*The task*
Exactly as written, reproduce the lines from the beginning of the data through the line containing "This remarkable feat"; the pictures are not reproduced.

**** Given material

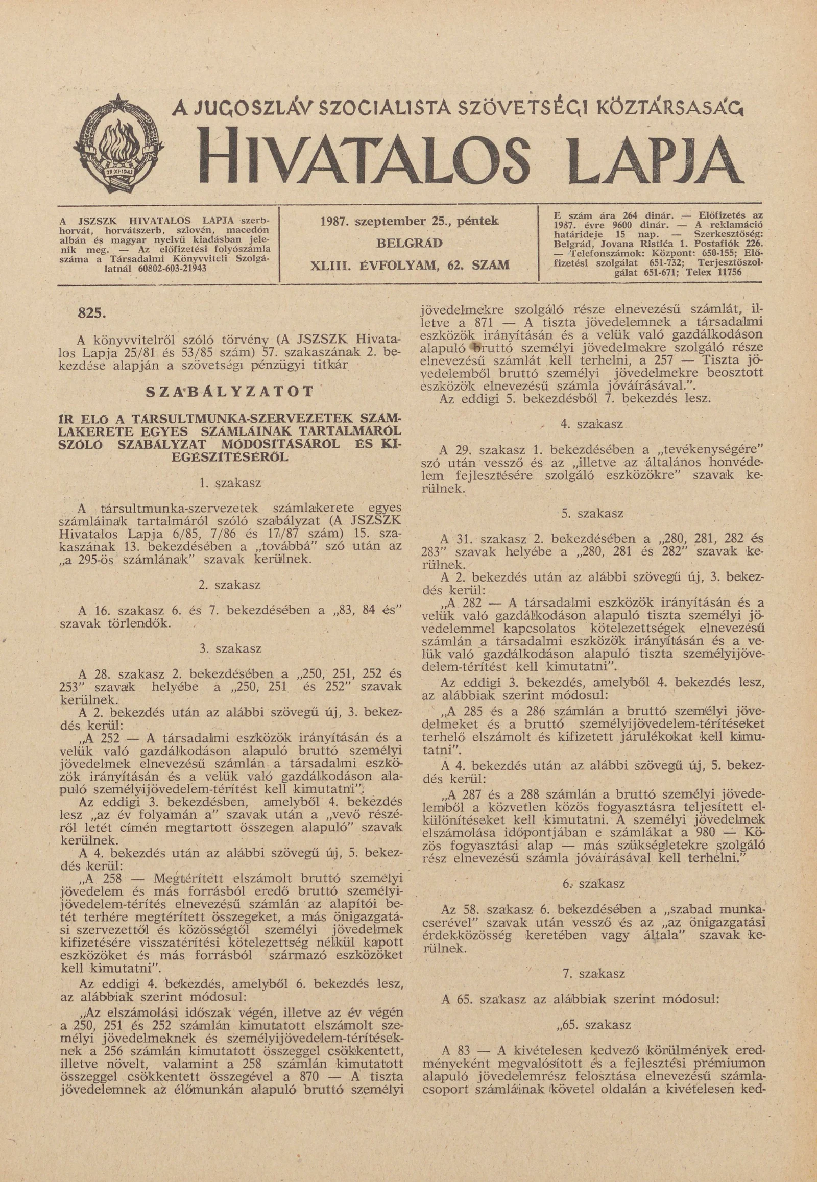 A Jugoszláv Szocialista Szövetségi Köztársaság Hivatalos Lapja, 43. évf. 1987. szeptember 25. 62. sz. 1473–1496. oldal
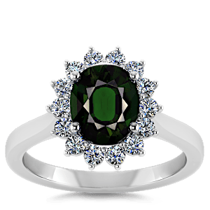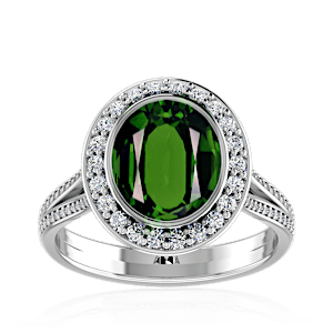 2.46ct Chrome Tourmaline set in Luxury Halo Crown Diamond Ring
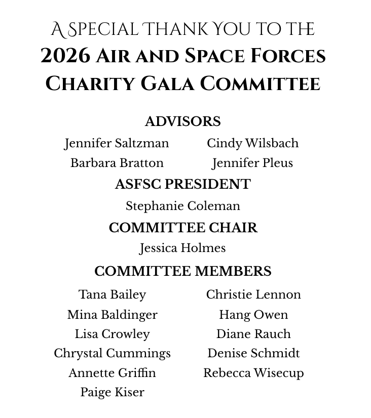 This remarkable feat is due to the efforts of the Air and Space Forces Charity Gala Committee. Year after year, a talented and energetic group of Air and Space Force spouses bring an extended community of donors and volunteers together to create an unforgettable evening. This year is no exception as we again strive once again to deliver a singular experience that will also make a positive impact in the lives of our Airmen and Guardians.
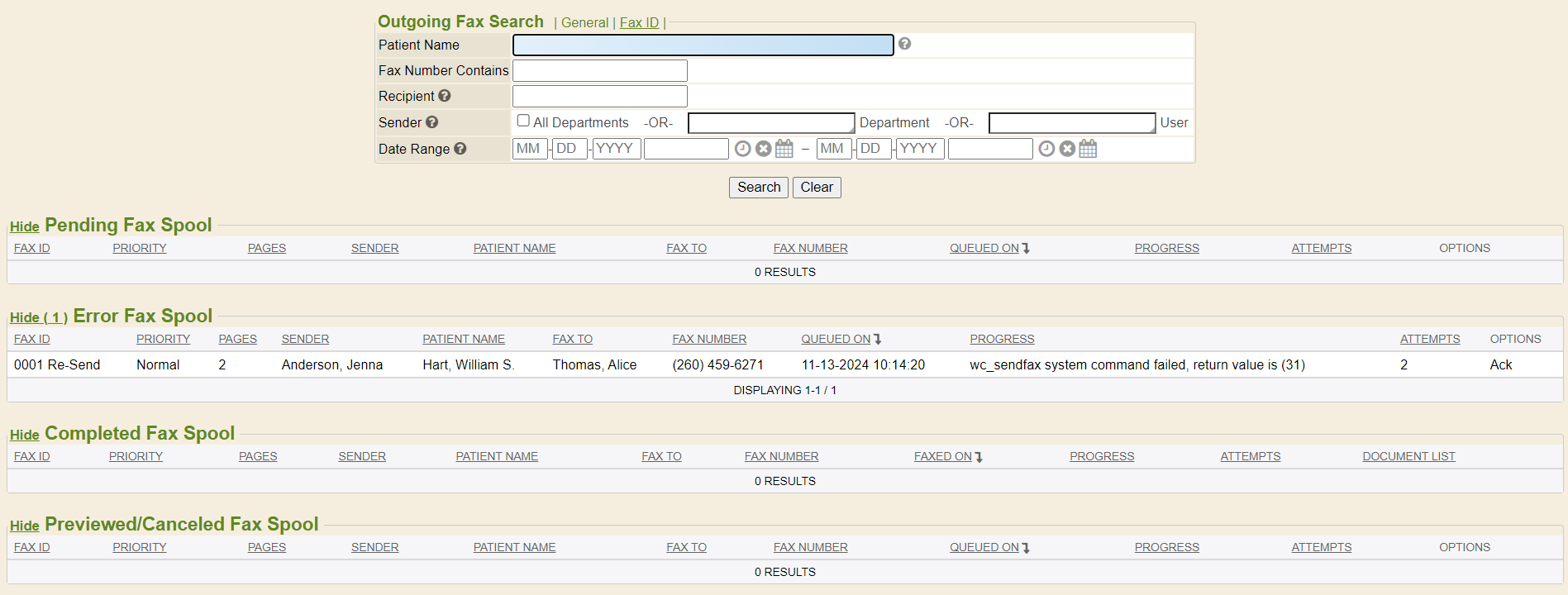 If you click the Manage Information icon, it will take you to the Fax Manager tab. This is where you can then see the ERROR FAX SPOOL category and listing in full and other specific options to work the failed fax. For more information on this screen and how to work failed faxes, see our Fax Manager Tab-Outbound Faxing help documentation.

********

*Response to this task*
 A Jugoszláv Szocialista Szövetségi Köztársaság Hivatalos Lapja, 43. évf. 1987. szeptember 25. 62. sz. 1473–1496. oldal
 2.46ct Chrome Tourmaline set in Luxury Halo Crown Diamond Ring
 This remarkable feat is due to the efforts of the Air and Space Forces Charity Gala Committee. Year after year, a talented and energetic group of Air and Space Force spouses bring an extended community of donors and volunteers together to create an unforgettable evening. This year is no exception as we again strive once again to deliver a singular experience that will also make a positive impact in the lives of our Airmen and Guardians.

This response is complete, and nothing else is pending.